Municipalities do not file for Chapter 11 bankruptcy protection; they use Chapter 9, which has different terms and a much smaller body of legal precedent. Municipal bankruptcies are so rare that until the Vallejo ruling, it was not clear whether a city could get out of its union contracts in Chapter 9.
Unions representing Vallejo’s public employees tried to argue that state labor laws protected the contracts. But the federal judge handling the bankruptcy, Michael S. McManus, wrote that federal bankruptcy law trumped the state labor law. He also observed that Congress could have set tougher standards for municipalities voiding their labor contracts — it did so for companies. But such bills died in committee.
After reaching his decision, the judge gave both sides one more chance to try to negotiate less-onerous concessions.
“The world is watching, and I don’t say that with pride, because we never wanted to file a Chapter 9,” said Marc A. Levinson, a partner with Orrick, Herrington & Sutcliffe who is representing Vallejo in the bankruptcy. The city ran out of money last year, after promising benefits that it could not afford when the recession drove down tax receipts.
Vallejo’s bankruptcy is being closely watched because its problems mirror those in many communities that have promised benefits that now look unsustainable. In many places the benefits have been locked in with statutory and constitutional guarantees.
“That’s why Vallejo is so important,” said James E. Spiotto, a Chapter 9 specialist with the firm of Chapman & Cutler in Chicago. “Chapter 9 and bankruptcy is the land of broken promises.” He said unions were better off negotiating concessions now than landing in bankruptcy court and ending up with no contract at all.
But entirely different rules apply to bonded debt, and to a related problem plaguing some communities: derivatives. Chapter 9 was never meant to be a place where governments could get out of their bonded debt, Mr. Spiotto said.
Derivatives are largely untested, but the issue may reach a decisive point in Jefferson County, Ala., which is entangled in interest-rate swaps. The swaps were intended to shield the county from rising interest rates after it issued a large amount of variable-rate debt to pay for a new sewer system.
The swap arrangements broke down amid last year’s turmoil in the credit markets, leaving Jefferson County with $3.2 billion in debt that it can neither pay nor refinance. Some officials are now calling for a Chapter 9 filing; others are against it.
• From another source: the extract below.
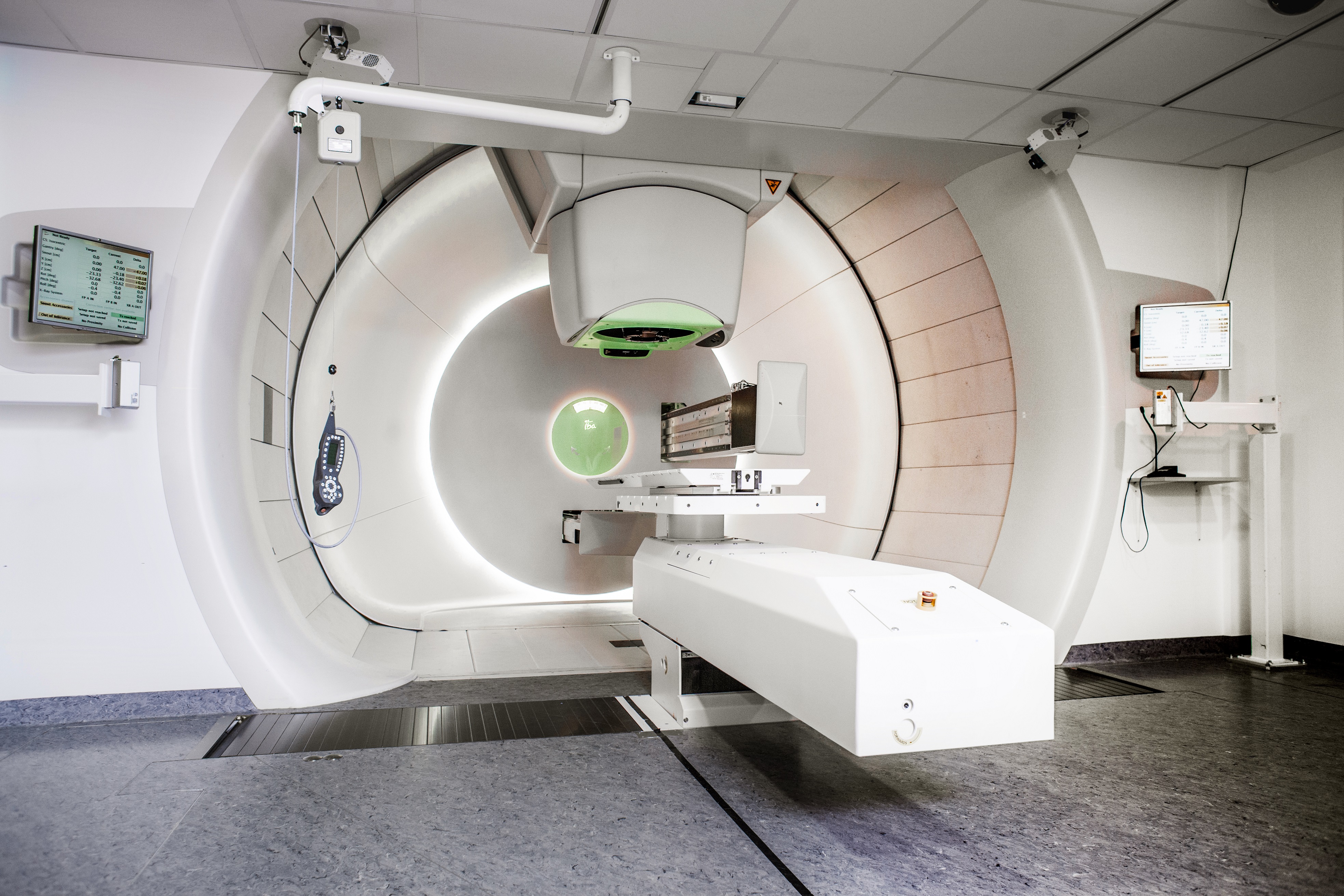 Die Hadronentherapie ist ein spezielles Verfahren der Radiotherapie, bei dem ein Tumor mit hochenergetischen Teilchen – anstatt mit Photonen wie bei der herkömmlichen Bestrahlung – bestrahlt wird. Meistens handelt es sich bei diesen Teilchen um Protonen, weshalb diese Therapieform oft als Protonentherapie bezeichnet wird. Aus einem Beschleuniger werden die Teilchen mit bis zu 60 Prozent der Lichtgeschwindigkeit als gebündelter Strahl präzise auf das Tumorgewebe gelenkt. Beim Eindringen in den menschlichen Körper wird der Strahl so gebremst, dass die Teilchen den größten Teil ihrer Energie direkt im Tumorherd abgeben und dadurch die Tumorzellen schädigen. Der Vorteil der Hadronentherapie ist, dass im Tumor eine sehr hohe Strahlendosis deponiert werden kann, während das umliegende Gewebe – insbesondere Risikoorgane – geschont werden. Durch spezielle physikalische Verfahren kann der Tumor sehr zielgenau entlang seiner individuellen Form bestrahlt werden.

Alabama’s governor, Bob Riley, has written to the Treasury secretary and the Federal Reserve chairman, asking for help in stretching out Alabama’s financial obligations, rather than repudiating them.
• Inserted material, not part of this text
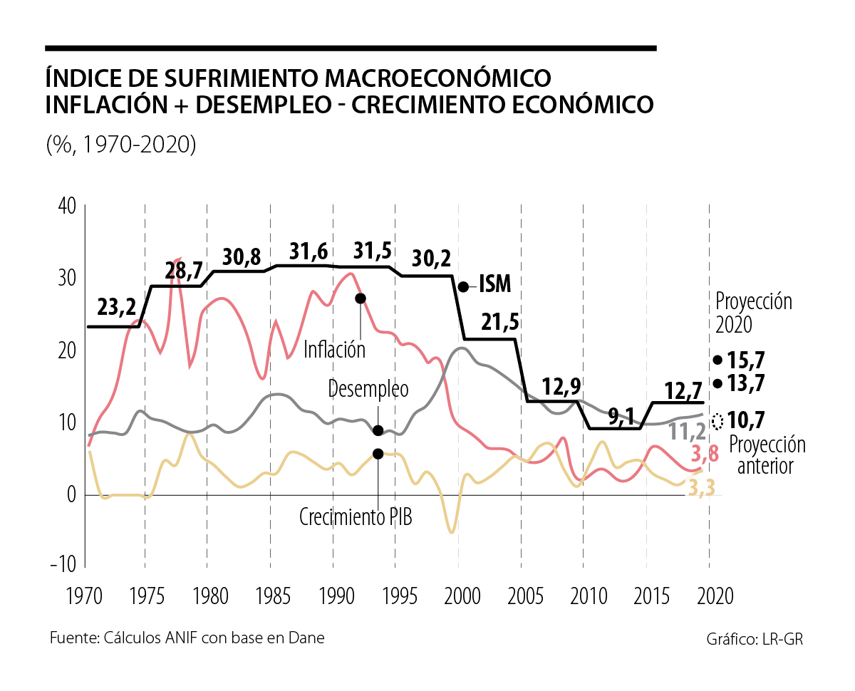 Bajo este panorama, resulta oportuno realizar un análisis del entorno macroeconómico a través del Índice de Sufrimiento Macroeconómico (ISM), definido como: (inflación + desempleo) - (crecimiento económico). En esta nota presentamos el desempeño del ISM, por quinquenios, para el período 1970-2020. Adicionalmente, presentamos nuestra proyección para 2020, considerando los retos que está enfrentando el país por cuenta de la crisis de salud pública. En todo caso, los resultados que se obtendrán en este año serán mucho mejores que los registrados en las décadas 1970s y 1980s. Los avances del ISM son notables y nos muestran que estamos en otro nivel y que la economía colombiana ha tenido una mejoría notable en los últimos 20 años.

The Treasury secretary, meanwhile, is working on a much broader initiative to give the federal government the power to modify the contracts of the financial institutions it takes over. The proposal raises several new issues, because it would eliminate the judicial oversight of bankruptcy proceedings and the opportunity for affected parties to challenge the changes.
The goal is to speed up reaction time to crises, said Lisa Hill Fenning, a retired bankruptcy judge who now practices at Dewey & LeBoeuf in Los Angeles. “Traditional ways of dealing with these problems are too complicated and would take too long,” Ms. Fenning said. “They’re trying to cut through red tape.”